Now, we can obtain the vectors for the `input_ids` defined above.

In [8]:
print(embedding_layer(input_ids))

tensor([[ 0.8008,  1.6806,  0.3559],
        [-0.6866,  0.6105,  1.3347],
        [ 0.8599, -0.3097, -0.3957],
        [ 0.4396, -0.7581,  1.0783]], grad_fn=<EmbeddingBackward0>)


Once again, these values are random for now, they're optimized with the training of the LLM.

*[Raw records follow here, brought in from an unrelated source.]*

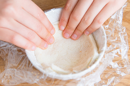 ❺茶碗にラップを大きめに敷き、①を茶碗の底の部分に敷く。空いているところに、余った食パンを敷き詰める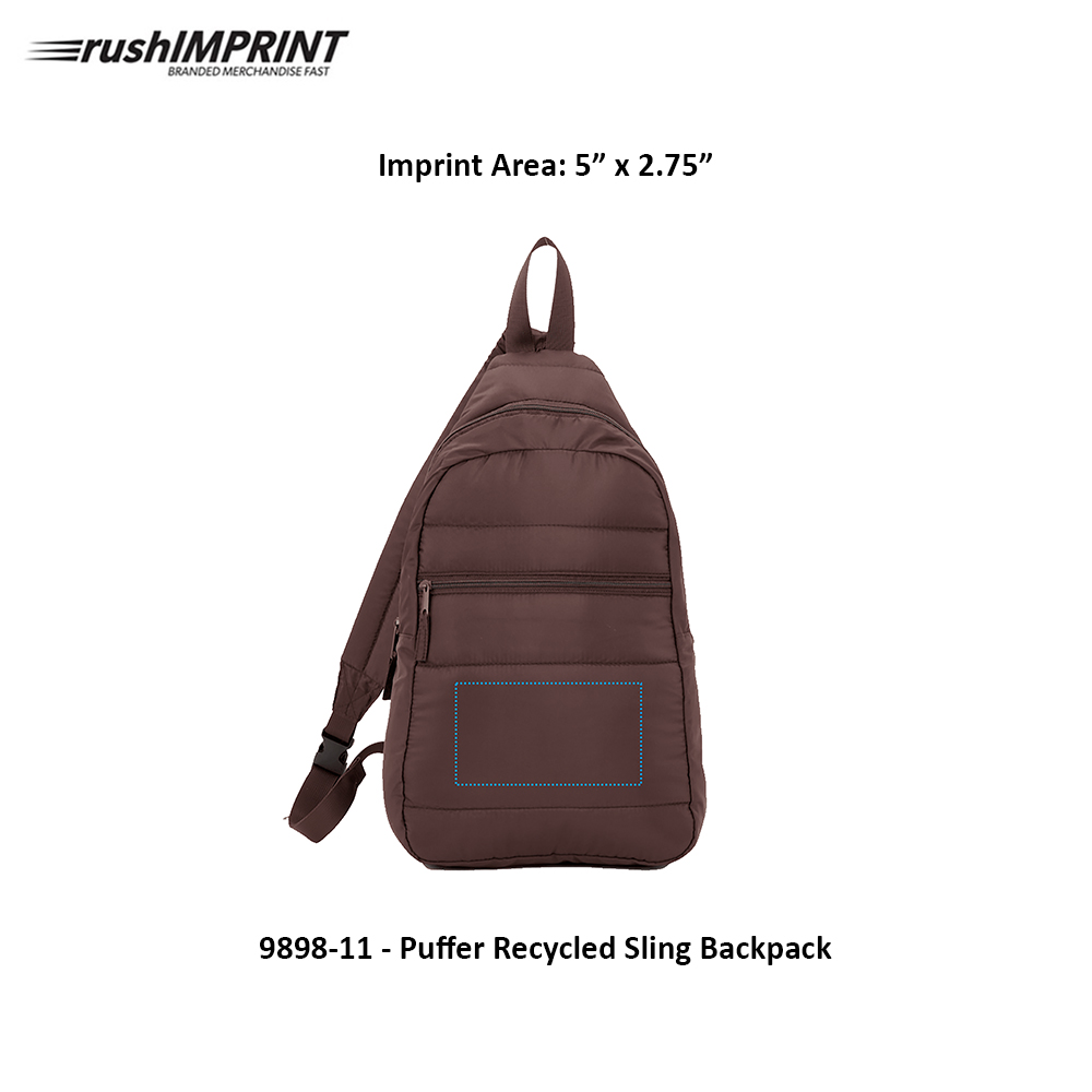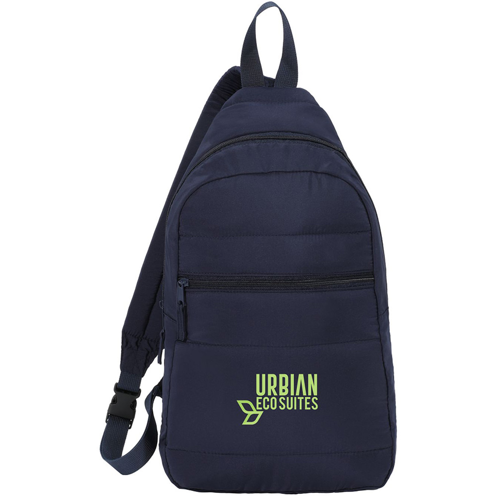 The Puffer Sling is the perfect size to carry your daily essentials. Crafted from quilted rPET, this sling has a super soft, puffy exterior. Neutral colors in a matte finish adds a touch of luxury, and the ultra-lightweight design feels like you're carrying a cloud. Features a zippered main compartment with an interior pocket and a zippered front pocket for extra storage Price includes full colour imprint.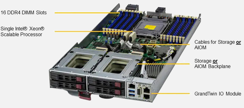The Supermicro GrandTwin SuperServer 210GT-HNC8F | SYS-210GT-HNC8F features hot-swap hard drives, giving you more flexibility and allowing you to remove drives without having to shut down the system.
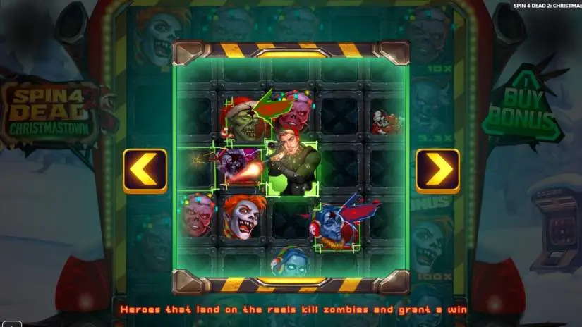 To calculate a single win in Spin 4 Dead 2: Christmastown, count the number of identical symbols on a payline, along a reel, or in a cluster combination. To calculate your total win, add up all individual wins. Combination payouts are listed in the paytable. Scatter symbols do not need to be on a payline or in a cluster to receive a prize.
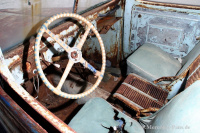 Unser hier präsentiertes Modell hatte bereits vor langer Zeit ausgedient und stand lediglich als Wegweiser an der Nebenstraße. Was äußerlich einen Oldtimer erahnen ließ, bestätigte sich bei einem Blick z.B. auf die Pritsche, bzw. besser ausgesprochen, bei einem vergammelten Durchblick auf die Pritsche bis zur Hinterachse ganz und gar nicht. Durch das geöffnete Fenster auf der Fahrerseite riskierten wir einen kurzen Ausflug in die Fahrerkabine, Sauna-Temperaturen ließen grüßen.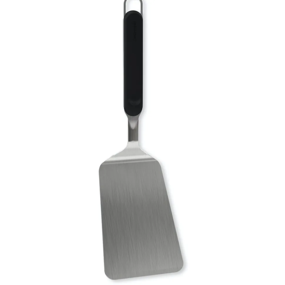 Vis spatel met ergonomisch handvat voor binnen en buiten gebruik. Vaatwasserbestendig. Dankzij de gebruiksvriendelijke lengte van de tool blijf je op een veilige afstand van het vuur. Hang deze tool op welke barbecue dan ook dankzij de universele haak.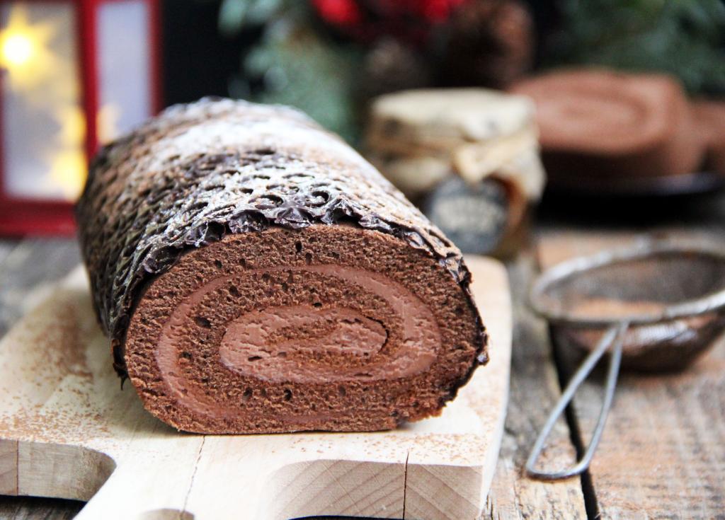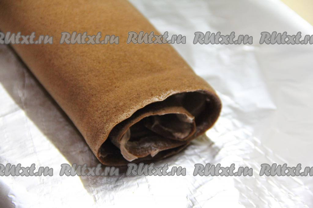 Свернуть бисквит с шоколадным кремом в плотный рулет, начиная с широкой стороны коржа. Завернуть медово-шоколадный рулет в фольгу и поместить в холодильник на ночь, чтобы он как следует пропитался.

# Embedding layer = Linear layer

The embedding layer creates a matrix that takes into account the size of the vocabulary and the desired dimensionality of the space one wants to embbed the words into.

In [9]:
# Create a matrix for a vocabulary of 4 words to embedd them into a
# 5 dimensional space

embedding_layer = torch.nn.Embedding(4, 5)
print(embedding_layer.weight)

Parameter containing:
tensor([[-0.2234,  1.7174,  0.3189, -0.4245, -0.8140],
        [-0.7360, -0.8371, -0.9224,  1.8113,  0.1606],
        [ 0.3672,  0.1754, -1.1845,  1.3835, -1.2024],
        [ 0.7078, -1.0759,  0.5357,  1.1754,  0.5612]], requires_grad=True)


In [13]:
# Retrieving the vectors for the following ids
input_ids = torch.tensor([0, 2])
print(embedding_layer(input_ids))

tensor([[-0.2234,  1.7174,  0.3189, -0.4245, -0.8140],
        [ 0.3672,  0.1754, -1.1845,  1.3835, -1.2024]],
       grad_fn=<EmbeddingBackward0>)


Now, the embedding layer is the same as a linear layer in a neural network. In this case, such a linear layer will have 4 inputs (akin to the vocabulary size) and 5 neurons (akin to the dimension of the space).

So, what's the benefit of using PyTorch's embedding layer? It is computationally more efficient.